29 июля саратовская труппа дала последний спектакль с участием Гиляровского перед его отправкой на фронт. «В комедии Александрова «Вокруг огня не летай» мне <...> пришлось сыграть Гуратова (отставной полковник в мундире), – вспоминал он впоследствии. - Почти все офицеры батальона <...> присутствовали со своими семьями на этом прощальном спектакле, и меня, рядового их батальона в полковничьем мундире, вызывали почем зря. Весь театр, впро¬чем, знал, что завтра я еду на войну, ну и чествовали вовсю». [21]
На следующий день друзья-актеры, отложив репетицию, «с пакетами, с корзинами», в которых находились дорожные гостинцы, тепло провожали Гиляровского, отправлявшегося вместе с эшелоном добровольцев в Турцию...
Гиляровский был определен на Кавказский фронт, где боевые действия были довольно успешными (русские войска в ходе боев взяли города Каре, Батум, Баязет, Ардаган, Эрзурум...), но не носили столь определяющего характера, как на главном – Балканском – театре военных действий.
По прибытии на Кавказ Гиляровский был зачислен в 161-й Александропольский полк, в роту капитана Карганова, пленившего знаменитого абрека Хаджи-Мурата, описанного Л.Н. Толстым в известной повести. У Карганова в роте Гиляровский пробыл «около недели», но была «тоска страшная, сражений давно не было.. ,» [22] И он просит перевести его в передовой отряд охотников-пластунов, куда брали «желающих умирать, таких, кому жизнь не дорога, всех готовых идти на верную смерть», предупреждая при этом, что «ни один охотник-пластун родины своей не увидит». [23]
В этой компании отчаянных голов, «для которых жизнь – копейка» [24], едва ли не каждый день участвуя в опасных предприятиях и сталкиваясь со смертью лицом к лицу, и прослужил Гиляровский почти год (полгода – до официального завершения боевых действий, а еще пять месяцев – воюя с наводнявшими горы башибузуками...).

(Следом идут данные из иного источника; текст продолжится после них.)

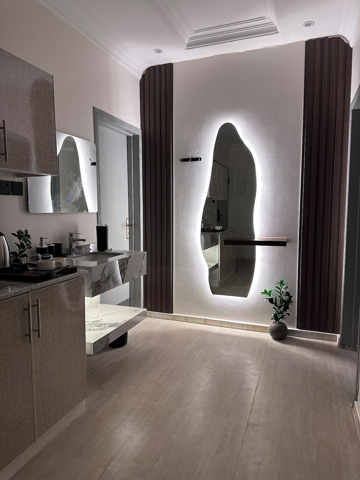 🟢 Υψηλό επίπεδο φιλοξενίας: Η αναγραφόμενη τιμή είναι πλήρως συμπεριληπτική. Ο οικοδεσπότης καλύπτει ευγενικά τον ΦΠΑ 15% για μια εκλεπτυσμένη και εύκολη διαμονή. 🏡 Το διαμέρισμα είναι ένα ευρύχωρο διαμέρισμα ενός υπνοδωματίου με σαλόνι, με ζεστό και ήρεμο σχεδιασμό. Βρίσκεται στην καρδιά του Ριάντ, συγκεκριμένα στην περιοχή Αλ-Μουρούτζ, μόλις λίγα λεπτά από το KAFD, το Boulevard Riyadh, το Boulevard World και τον σταθμό του μετρό, με γρήγορη πρόσβαση σε κεντρικούς δρόμους και σημαντικά αξιοθέατα της πόλης.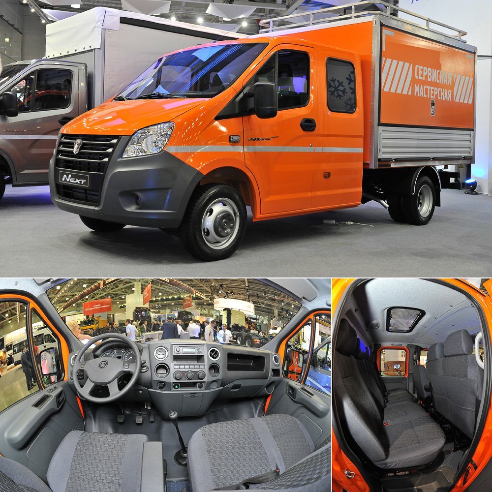 В тот момент, когда «легковая» общественность внимательно рассматривала новинки Франкфурта, «грузовой» автомир следил за другой выставкой — столичным биеннале Comtrans’2013. И хотя наш проект обычно не уделяет внимание грузовикам, мимо этой выставки мы пройти не смогли: здесь Горьковский автозавод презентовал целую россыпь «легковых» новинок! Производство Газели-Next стартовало весной — тогда заводчане презентовали только короткобазный бортовой грузовик. Чуть позднее появилась длиннобазная версия, которая вовсю продаётся, а сейчас завод представил грузовичок со сдвоенной кабиной, маршрутку, автомобиль скорой помощи и даже новое поколения трудяги «газона», который получил кабину от Некста. Новая маршрутная Газель: с ABS и высоким потолком Прежняя маршрутная Газель создавалась фактически от безысходности. Стране понадобились автобусы малой вместимости, и самым простым решением было построить такую технику из обычного фургона: врезать стёкла, установить сиденья... Машина получилась тесной и не самой удобной. В полный рост внутри такого автобуса не встанешь, двери открывают сами пассажиры. Поэтому, когда на рынке массово появились более вместительные фургоны иностранных марок, Газели начали сдавать позиции. На привычные маршрутки пассажирская версия Газели-Next похожа мало. Тех, кого смущает некстовская «высоколобость», успокоим: управляемость автобуса оттачивали на одном из европейских полигонов совместно с европейскими же специалистами, так что излишней склонностью к опрокидыванию 18-местная машина отличаться не будет. Также со временем появится опционная система стабилизации (над этим уже работают газовские инженеры), так что Некст станет ещё безопаснее. Выпуск автобусов ГАЗ не планирует отдавать на откуп частникам, а займётся производством пассажирских машин самостоятельно, на производстве спецтехники. Версия для городских перевозок — только начало. Уже готовы пригородный вариант на 18 посадочных мест, корпоративный, туристический и школьный (на фото — слева) автобусы Нет, газовцы, конечно, пытались создать каркасно-панельный автобус (эта технология подразумевает постройку специального пассажирского кузова на «голом» шасси), но прежнее поколение «полуторки» не подходило для подобных целей — в первую очередь, машине банально не хватало тормозов! Зато новейшая Газель-Next для таких переделок подходит идеально, поскольку конструкция шасси изначально рассчитана на 4200 кг полной массы, а значит, по тормозам появился достаточный «запас». Последние, кстати, оснащены ABS. Чтобы не отвечать на многократно повторяющийся вопрос, как устроена Газель-Next, газовцы привезли на выставку «препарированное шасси»: дескать, смотрите, изучайте, делайте выводы. Жёлтым, кстати, выкрашены стабилизаторы поперечной устойчивости, которые не всегда встретишь на коммерческой технике! Делается пассажирский Некст по технологии «больших автобусов»: на шасси монтируется стальной каркас, на который навешиваются панели из оцинкованной стали (капот и боковины) и пластика (крылья, передняя и задняя панели, крыша). Другие признаки «настоящих автобусов» тоже присутствуют: передняя распашная дверь — с электроприводом, высота салона — внушительные 190 см, над креслами «протянуты» поручни. Самих кресел — 18, плюс один человек может ехать стоя. Впрочем,

За проявленную в одном из боев отвагу (сам он об обстоятельствах этого дела умалчивает) Гиляровский был награжден солдатским Георгиевским крестом, а мог бы, по-видимому, иметь (или заслужил, по крайней мере) и еще не одну награду, за которыми, впрочем, отнюдь не гонялся...

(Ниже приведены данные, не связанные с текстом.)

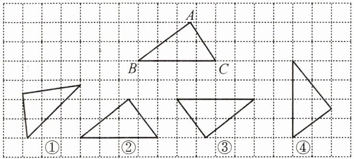 4. (呼和浩特中考)图中序号①②③④对应四个三角形,都是$\triangle ABC$这个图形进行了一次变换之后得到的,其中是通过轴对称得到的是(

Особый интерес вызывает отношение самого Гиляровского к войне, к тем боевым столкновениям, в которых ему довелось принимать участие.
«Война. Писать свои переживания или описывать геройские подвиги – это и скучно и старо, – отмечает он. – Переживания мог писать глубокий Гаршин, попавший прямо из столиц, из интеллигентной жизни в кровавую обстановку, а у меня, кажется, никаких особых переживаний и не было. Служба в полку приучила меня к дисциплине, к солдатской обстановке, жизнь бурлацкая да бродяжная выбросила из моего лексикона слова: страх, ужас, страдание, усталость, а окружающие солдаты и казаки казались мне скромными институтками сравнительно с моими прежними товарищами...» И далее: «На войне для укрощения моего озорства было поле широкое. Мне повезло с места и вышло так, что война для меня оказалась приятным препровождением времени, напомнившим мне и детство <...> и жизнь бродяжную». [25]
Таким образом, в интерпретации Гиляровского война представляется неким приключением, своеобразным развлечением – жестокой, но интересной игрой. Поэтому, например, рассказывая о вылазках охотников-пластунов в турецкий стан с целью бесшумного захвата часовых, Гиляровский замечает: «Веселое занятие – та же охота, только пожутче, а вот в этом-то и удовольствие». [26]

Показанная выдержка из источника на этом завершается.